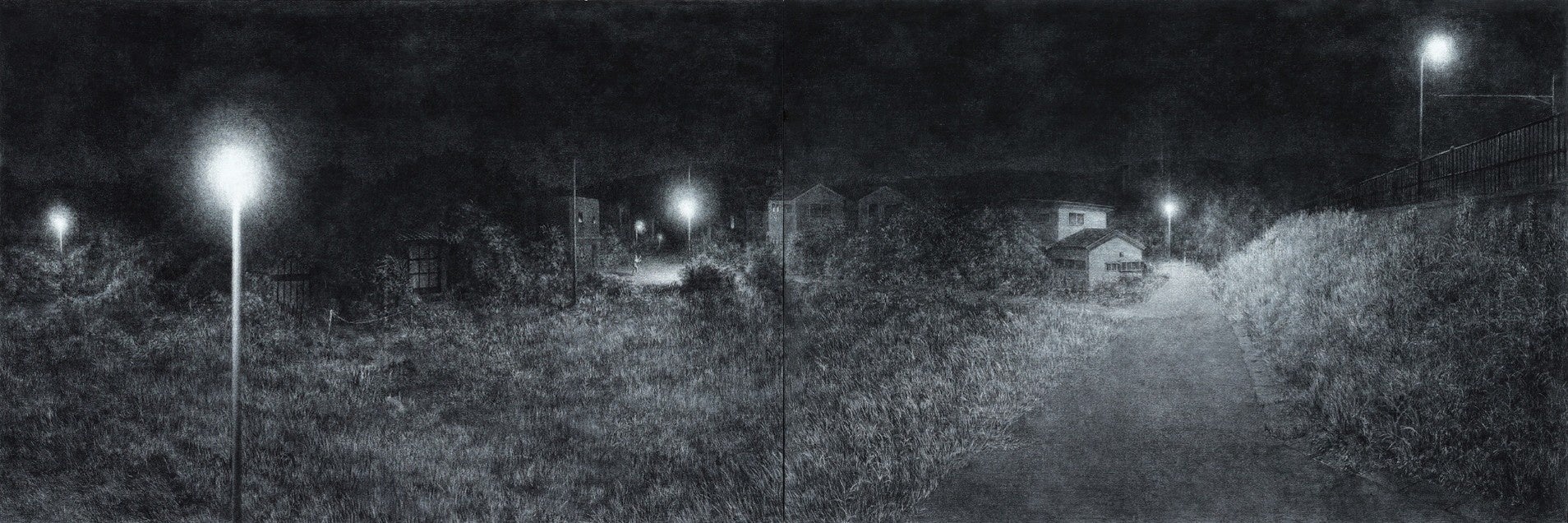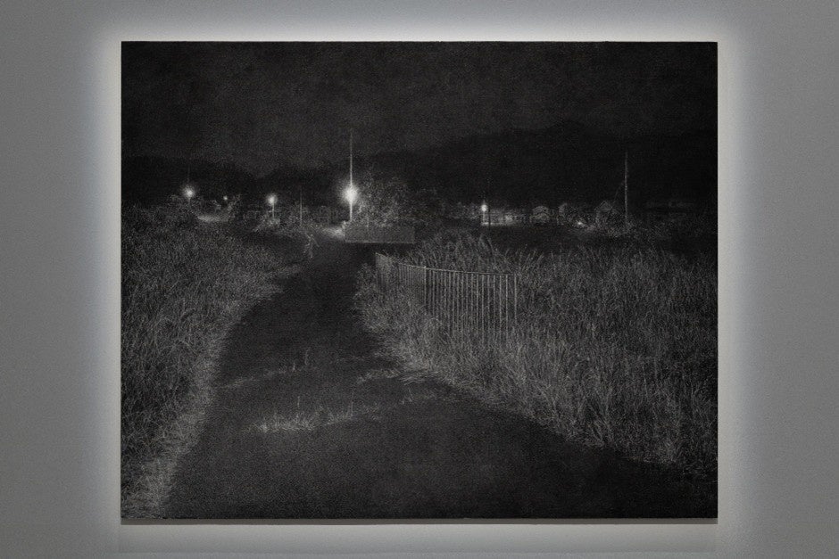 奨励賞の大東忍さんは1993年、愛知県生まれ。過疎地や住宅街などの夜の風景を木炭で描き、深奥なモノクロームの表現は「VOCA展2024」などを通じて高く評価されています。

---

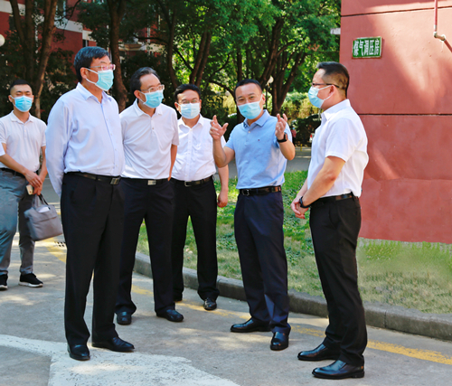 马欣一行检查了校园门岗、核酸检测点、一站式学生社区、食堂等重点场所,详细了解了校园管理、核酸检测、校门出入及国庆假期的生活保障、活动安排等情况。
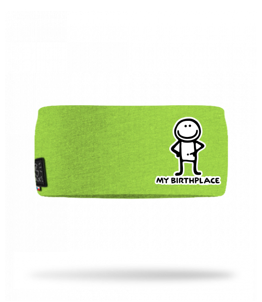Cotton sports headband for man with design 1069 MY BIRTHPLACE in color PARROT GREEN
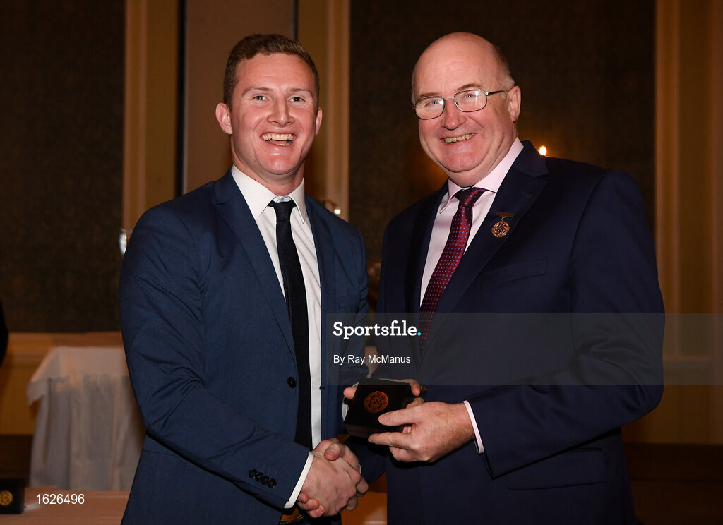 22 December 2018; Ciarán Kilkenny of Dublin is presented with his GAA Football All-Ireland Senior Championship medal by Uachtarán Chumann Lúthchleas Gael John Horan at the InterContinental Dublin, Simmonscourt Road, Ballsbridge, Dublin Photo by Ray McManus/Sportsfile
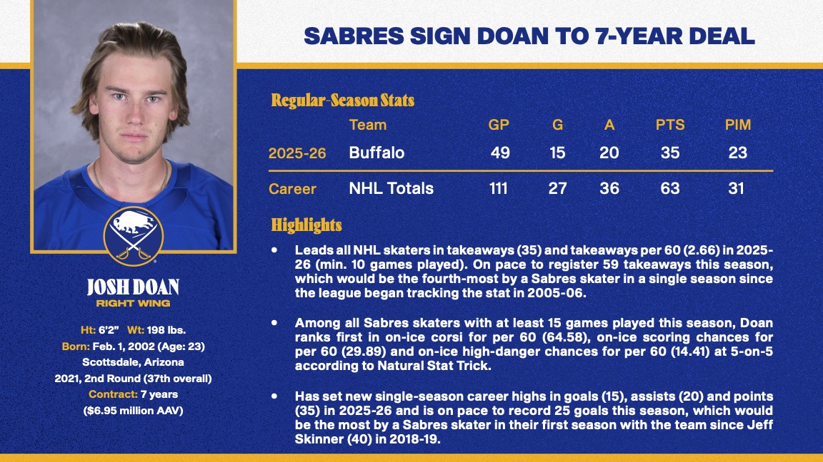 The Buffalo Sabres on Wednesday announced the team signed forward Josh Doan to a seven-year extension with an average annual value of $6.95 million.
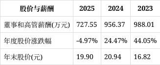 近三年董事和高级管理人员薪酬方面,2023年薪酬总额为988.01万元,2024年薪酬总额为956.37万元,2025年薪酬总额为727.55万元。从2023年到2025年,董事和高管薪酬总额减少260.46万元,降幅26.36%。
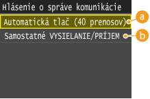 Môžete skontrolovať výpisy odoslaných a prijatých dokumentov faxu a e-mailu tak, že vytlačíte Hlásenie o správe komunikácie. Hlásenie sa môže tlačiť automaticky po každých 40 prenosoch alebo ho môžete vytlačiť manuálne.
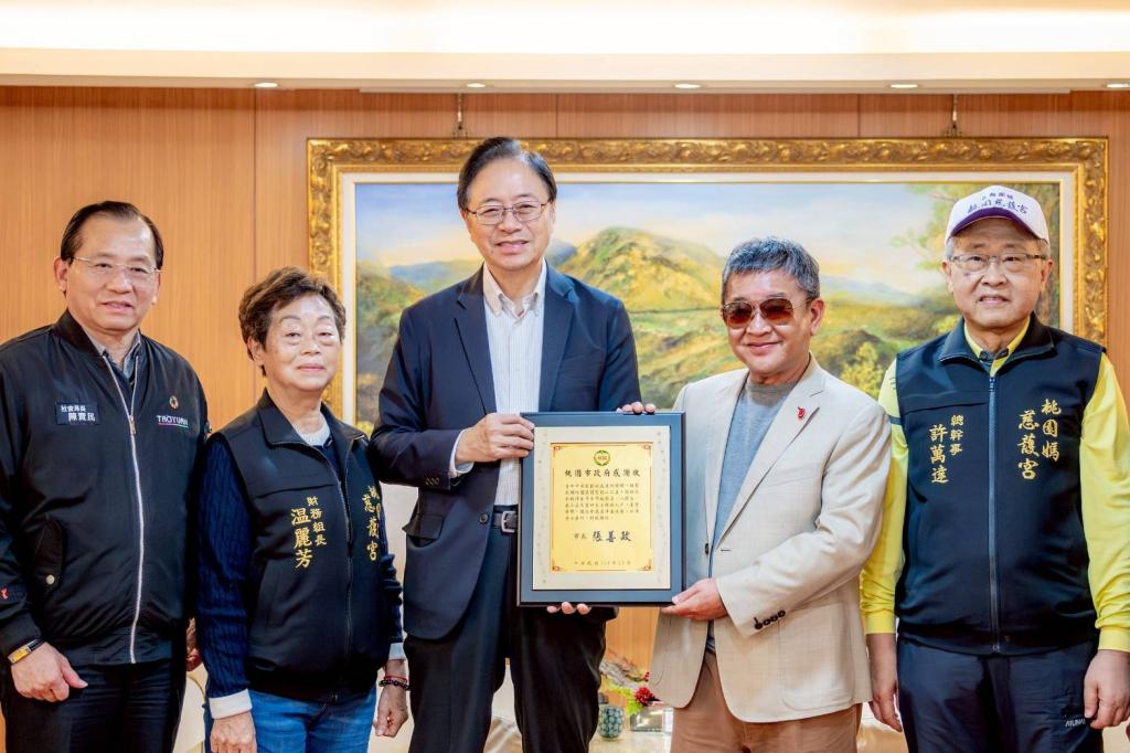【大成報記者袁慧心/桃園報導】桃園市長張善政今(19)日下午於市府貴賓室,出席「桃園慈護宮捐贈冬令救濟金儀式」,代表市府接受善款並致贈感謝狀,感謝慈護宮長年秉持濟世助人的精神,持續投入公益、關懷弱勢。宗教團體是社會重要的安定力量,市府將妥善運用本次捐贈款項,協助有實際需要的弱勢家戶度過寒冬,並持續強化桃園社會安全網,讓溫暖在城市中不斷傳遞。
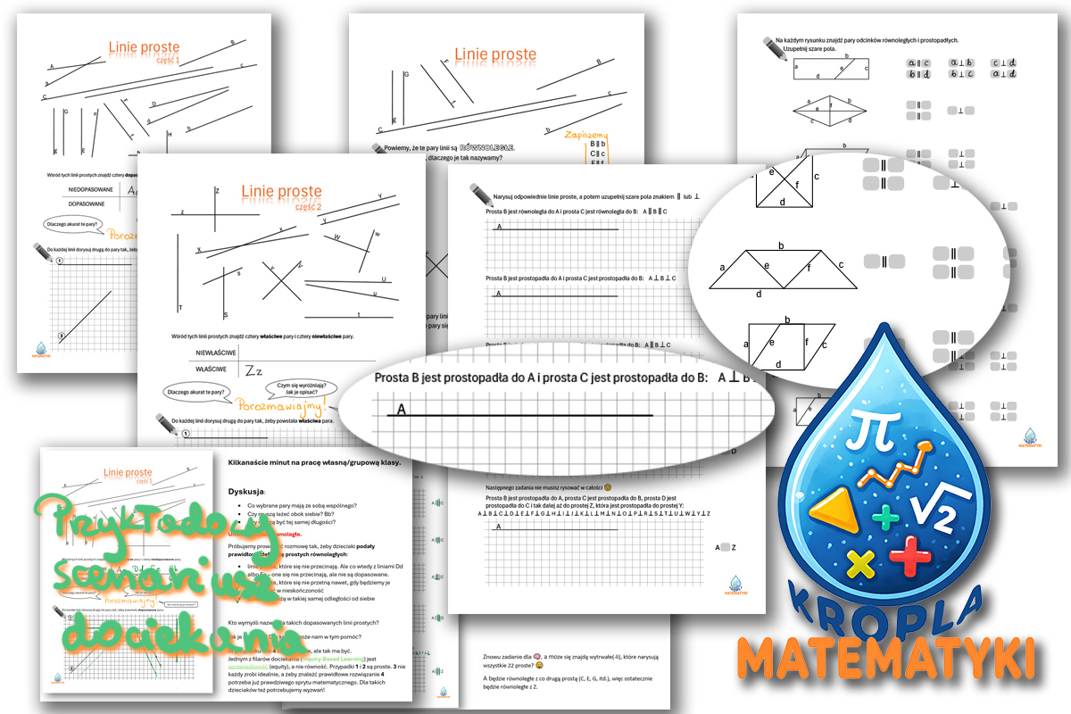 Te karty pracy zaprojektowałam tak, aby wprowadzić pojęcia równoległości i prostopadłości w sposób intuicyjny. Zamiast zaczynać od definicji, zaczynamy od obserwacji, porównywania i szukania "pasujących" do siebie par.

About this task: From the records above, copy exactly the stretch from the line holding "近三年董事和高级管理人员薪酬" through the line holding "Te karty pracy", both ends included, without the pictures.

Result of the task:
 近三年董事和高级管理人员薪酬方面,2023年薪酬总额为988.01万元,2024年薪酬总额为956.37万元,2025年薪酬总额为727.55万元。从2023年到2025年,董事和高管薪酬总额减少260.46万元,降幅26.36%。
 Môžete skontrolovať výpisy odoslaných a prijatých dokumentov faxu a e-mailu tak, že vytlačíte Hlásenie o správe komunikácie. Hlásenie sa môže tlačiť automaticky po každých 40 prenosoch alebo ho môžete vytlačiť manuálne.
【大成報記者袁慧心/桃園報導】桃園市長張善政今(19)日下午於市府貴賓室,出席「桃園慈護宮捐贈冬令救濟金儀式」,代表市府接受善款並致贈感謝狀,感謝慈護宮長年秉持濟世助人的精神,持續投入公益、關懷弱勢。宗教團體是社會重要的安定力量,市府將妥善運用本次捐贈款項,協助有實際需要的弱勢家戶度過寒冬,並持續強化桃園社會安全網,讓溫暖在城市中不斷傳遞。
 Te karty pracy zaprojektowałam tak, aby wprowadzić pojęcia równoległości i prostopadłości w sposób intuicyjny. Zamiast zaczynać od definicji, zaczynamy od obserwacji, porównywania i szukania "pasujących" do siebie par.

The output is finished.